Accidents can cause pain and hardship
But now we have to feel guilty about claming compensation
If you think that Government spin stopped with Tony Blair leaving
office, think again. The coalition is spinning like a top about
accident claims and, in the process, whipping up prejudice against
those who bring personal injury claims.
The prime minister has said he wants to ”wage war”
(something recent prime ministers seem to do rather a lot) against
an all-pervasive compensation culture. All good tub-thumping stuff,
but which simply ignores the Government’s own research evidence.
This found that, in fact, there is no such culture in the UK. To
be able to claim compensation, any accident victim has to show that
the accident was someone else’s fault, that they have been
injured (which has to be proved by a medical report from an independent
specialist doctor or medical consultant) and that they have suffered
loss. If they can’t show this, they won’t be paid a
penny, despite what you might read in the newspapers to the contrary.
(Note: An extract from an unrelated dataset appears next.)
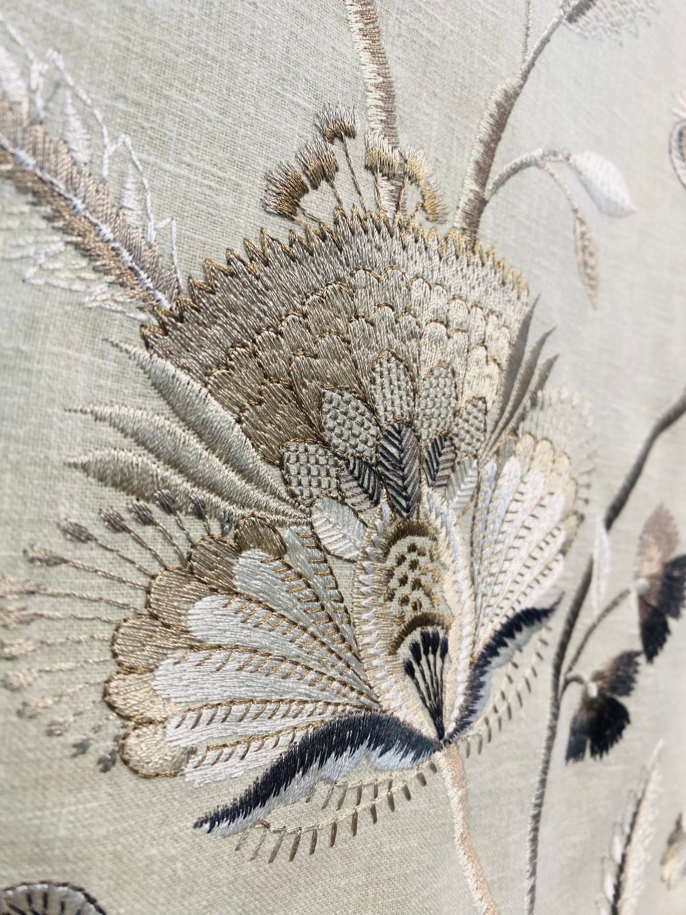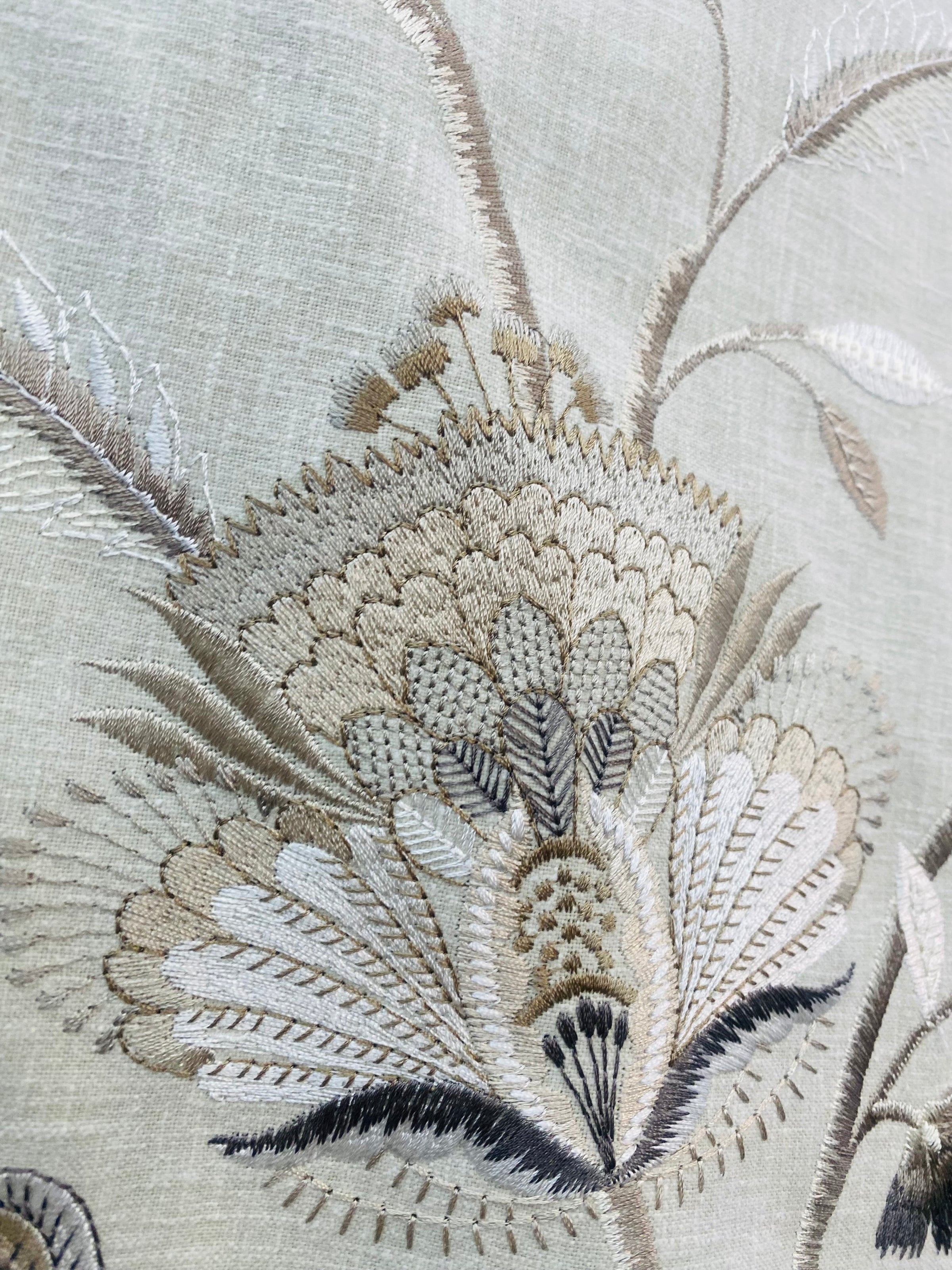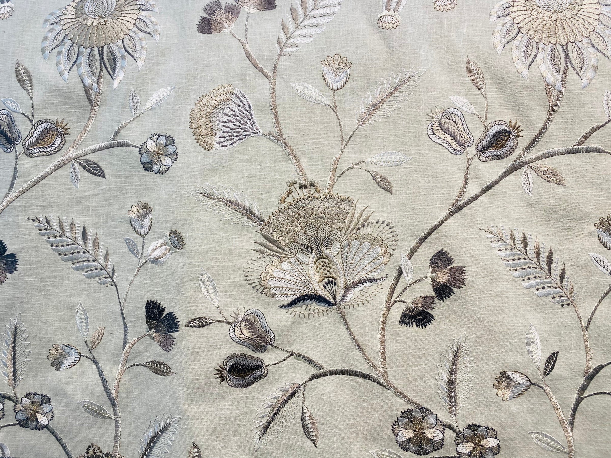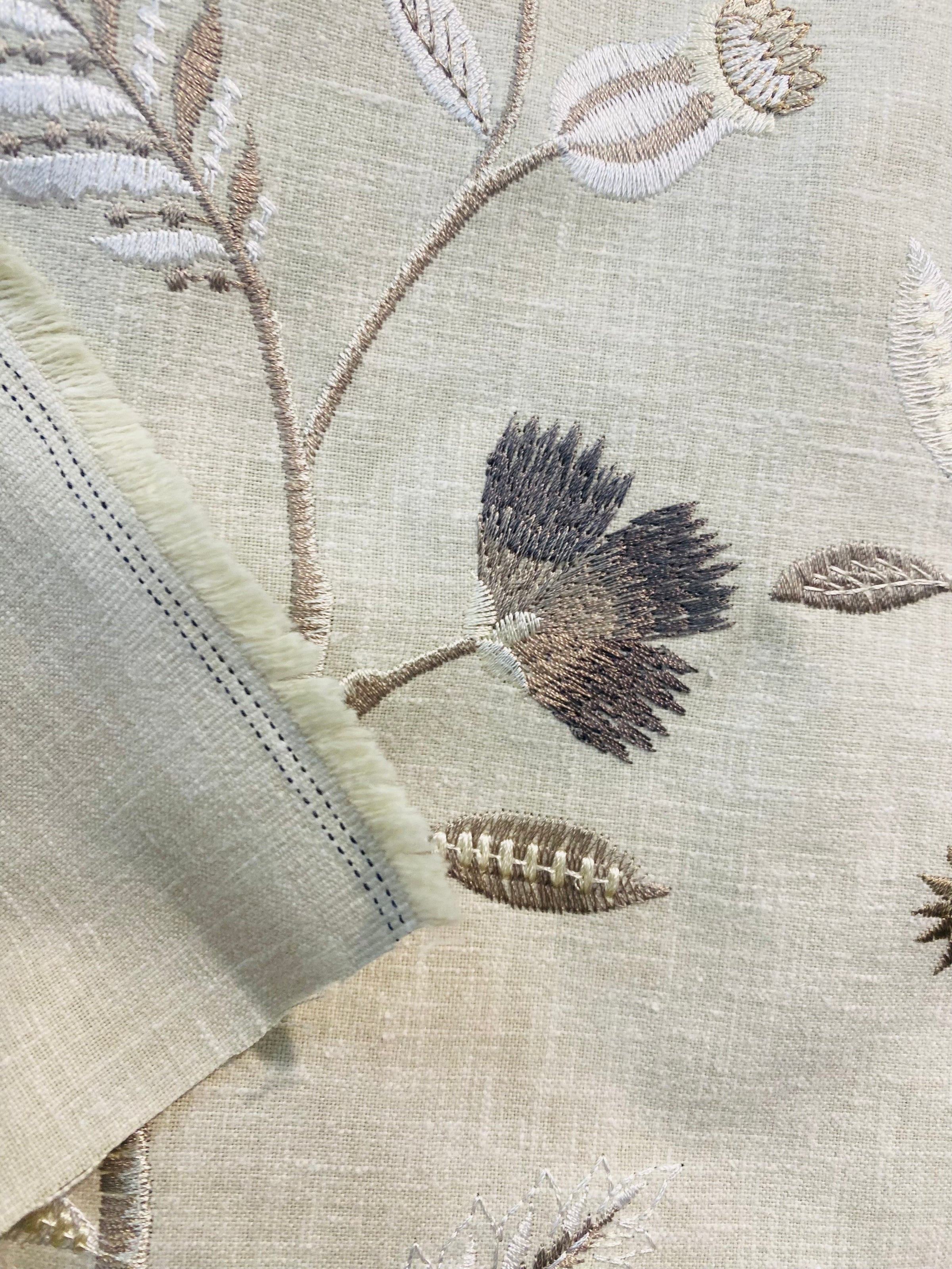 A beautiful Designer Novelty fabric with a gorgeous oversized floral embroidery, a linen inspired texture. Exquisite! The background is a cream and the embroidery are neutral tones. Can be used for interior decorating or fashion. Sold by the yard. 55” wide. 100% Cotton.

Narrowing the attack even more, the government is now demonizing
victims of whiplash injuries, suggesting that in many cases where
a claim is brought, there is no such injury. So, imagine you are
driving home one night. You stop at traffic lights. Someone driving
a car behind you is driving too quickly and not paying attention.
Their car rams into yours. You are taken unawares. Your head snaps
backwards, hits the seat rest and jerks forward. Sometime later
the symptoms emerge. You have headaches, nausea, stiffness and lack
of mobility. Your neck is affected, but your back could be too.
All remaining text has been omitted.